# Description of the task
From the entries below, print exactly the span beginning with the line holding "Hotel Electric Dining" and ending with the line holding "ラインアップは落下防止に役立", endpoints included, and skip any pictures.

· · · · · · ·

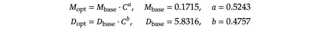 缩放定律: 通过实验建模了计算预算C与最佳批量大小和学习率之间的幂律关系,公式如下:
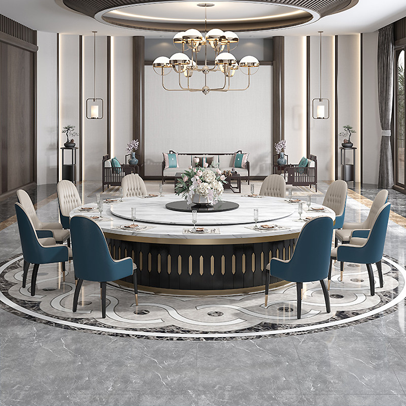 Hotel Electric Dining Table Large Round Table Hotel Bag Compartment 20 People Automatic Swivel Marble Hotpot Table Dining Table And Chairs Combination
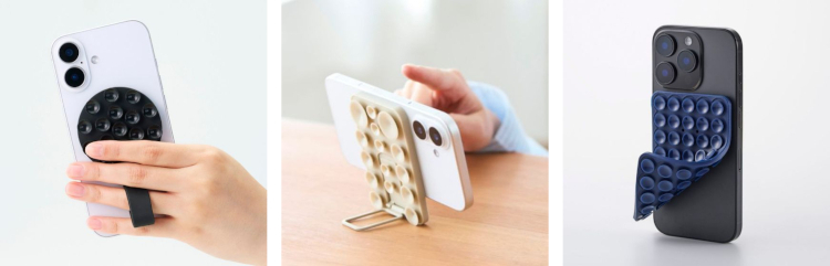 ラインアップは落下防止に役立つバンド付きタイプ、動画視聴に便利なスタンド機能付きタイプ、MagSafe非対応でも使える両面吸盤タイプの3つ。両面吸盤タイプには、通常タイプとスタンド付きの2種類を用意する。カラーはネイビー、ベージュ、ブラックの3色展開。
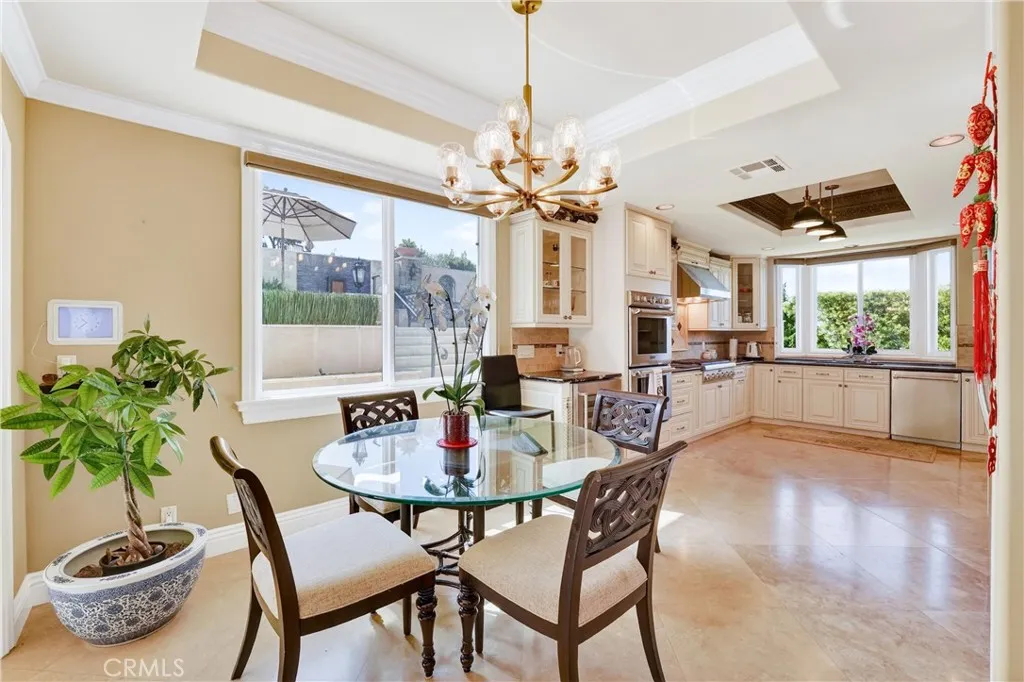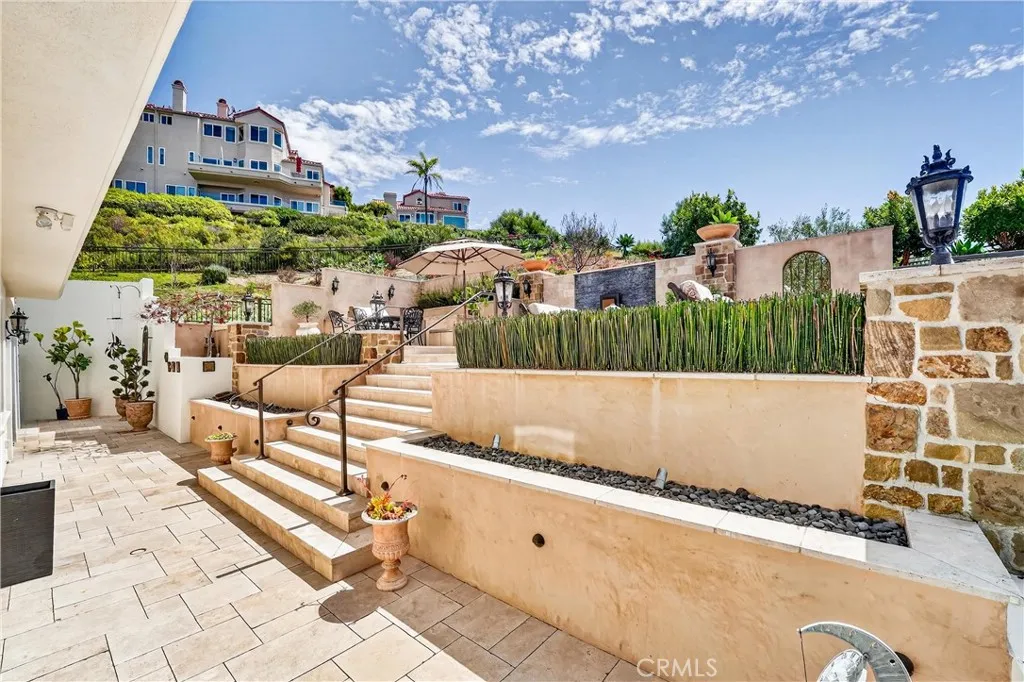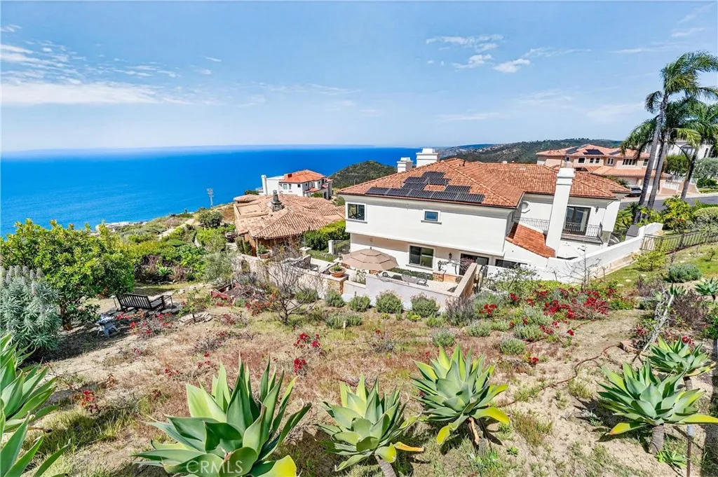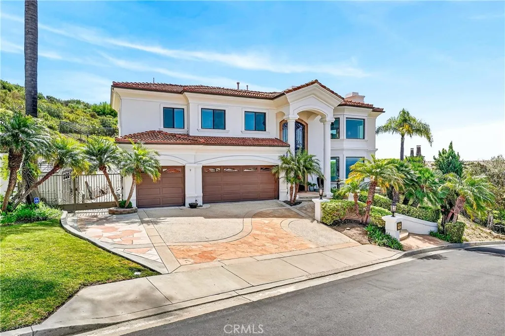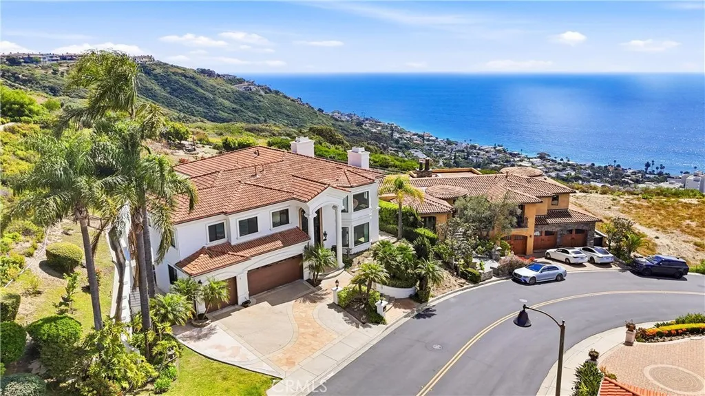 Set behind the gates of Laguna Sur, this remarkable estate showcases sweeping ocean, Catalina Island, and coastline views extending toward Palos Verdes. The residence offers a thoughtfully designed two-level floor plan with generous living spaces and an easy, open flow ideal for both everyday living and entertaining. The home makes a striking first impression with a custom entry featuring 10-foot-tall custom wrought iron doors with a 6-foot wrought iron window arching above. These doors open to a dramatic foyer with soaring ceilings and a distinctive circular marble design. Architectural elements throughout include graceful archways, statement columns, and expansive windows that highlight the views. Designer lighting and a sophisticated combination of wood and travertine flooring complete the space. A custom wrought iron staircase adds to the home’s refined character. The layout includes five bedrooms and four and a half bathrooms, along with a formal dining room and an inviting family room complete with a 15-foot built-in showcase-bookcase. Natural light fills the interior, enhancing the sense of space and drawing attention to the stunning coastal scenery. Upstairs, a versatile loft overlooks the main entry area below and captures beautiful ocean views. It is ideal for a lounge, office, or media space. Thoughtful enhancements elevate the home throughout, including an expansive backyard deck designed for outdoor entertainment and relaxation. The kitchen has been beautifully redone with updated finishes and appliances, creating a functional and stylish centerpiece. The primary suite has been upgraded with a redesigned closet and a refined bath retreat, offering a spa-inspired experience. Additional improvements include updated lighting throughout, refreshed fencing for added privacy, and an enhanced entryway that complements the home’s architectural appeal. A fully integrated solar system with 3 Tesla Powerwalls provides impressive efficiency and can power the entire home, including both air conditioning systems, off-grid. Located within the highly sought-after Laguna Sur community, this home presents a rare opportunity to enjoy coastal living with impressive views and refined, move-in-ready upgrades.
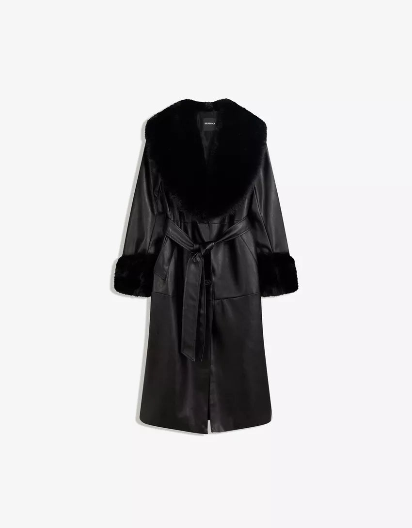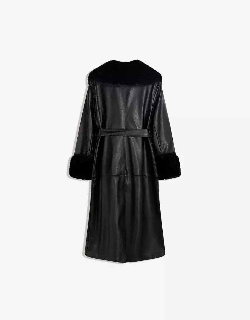Contrast leather effect coat with faux fur. Available in black, brown.
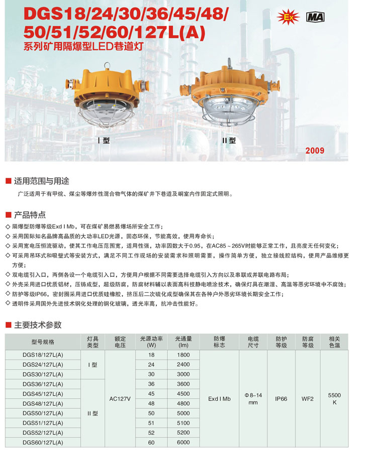 廣泛適用于有甲烷、煤塵等爆炸性混合物氣體的煤礦井下巷道及室內作固定式照明。
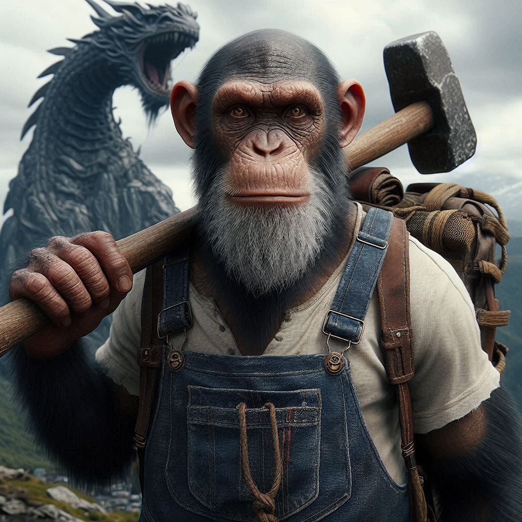フォトリアル 現実的 写真 チンパンジーの子猿 小さな顔 スリムな体 ゴーグル付きの青い飛行帽 青いデニムのオーバーオールにポケットがたくさん付いている オーバーオールは大きなサイズ 一匹 巨大な木のハンマーを持っている 大きなリュックサックを背負っている 背中に釣り竿 背景は荒野 遠くに岩山のように巨大なドラゴン
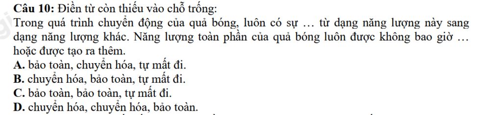 Câu 10: Điền từ còn thiếu vào chỗ trống: Trong quá trình chuyển động của quả bóng, luôn có sự từ dạng năng lượng này sang dạng năng lượng khác. Năng lượng toàn phần của quả bóng luôn được không bao giờ ... hoặc được tạo ra thêm.
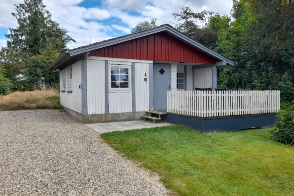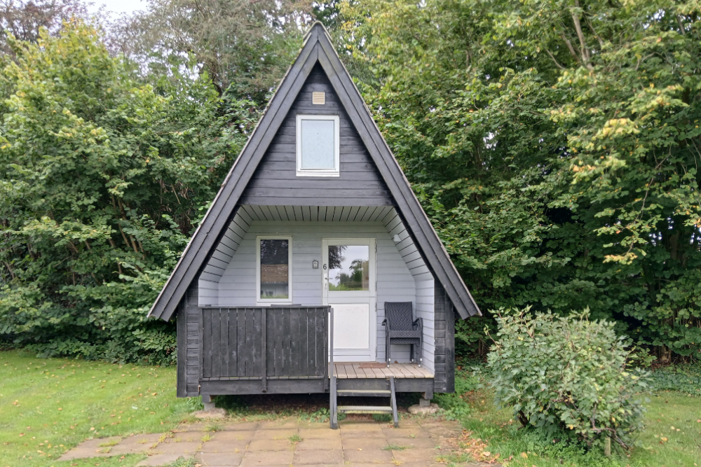 Hytte 4 er den største hytte på pladsen med plads op til 6 personer. Hytten har toilet , bad og håndvask samt en lille køkkenniche med komfur, køleskab og et komplet sæt bestik til 6 personer.
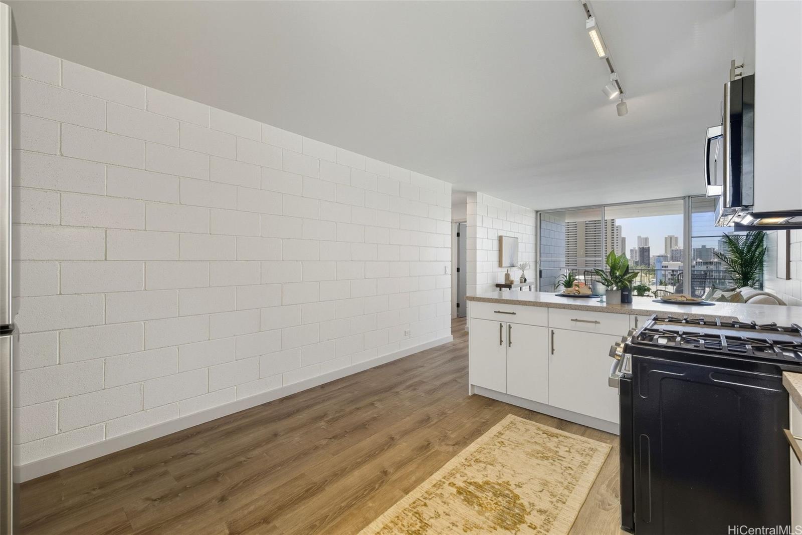 [0] => Easy to show! Discover this fully renovated 2-bedroom, 1-bath condo at Holiday Parkway, a stylish retreat in the heart of Honolulu. Step inside to bright, airy living spaces featuring luxury vinyl plank flooring, a modern white kitchen with solid quartz countertops, and stainless steel appliances. Thoughtful details like ceiling fans and plenty of closet storage add everyday comfort.

· · · · · · ·

# Response area
 Hotel Electric Dining Table Large Round Table Hotel Bag Compartment 20 People Automatic Swivel Marble Hotpot Table Dining Table And Chairs Combination
 ラインアップは落下防止に役立つバンド付きタイプ、動画視聴に便利なスタンド機能付きタイプ、MagSafe非対応でも使える両面吸盤タイプの3つ。両面吸盤タイプには、通常タイプとスタンド付きの2種類を用意する。カラーはネイビー、ベージュ、ブラックの3色展開。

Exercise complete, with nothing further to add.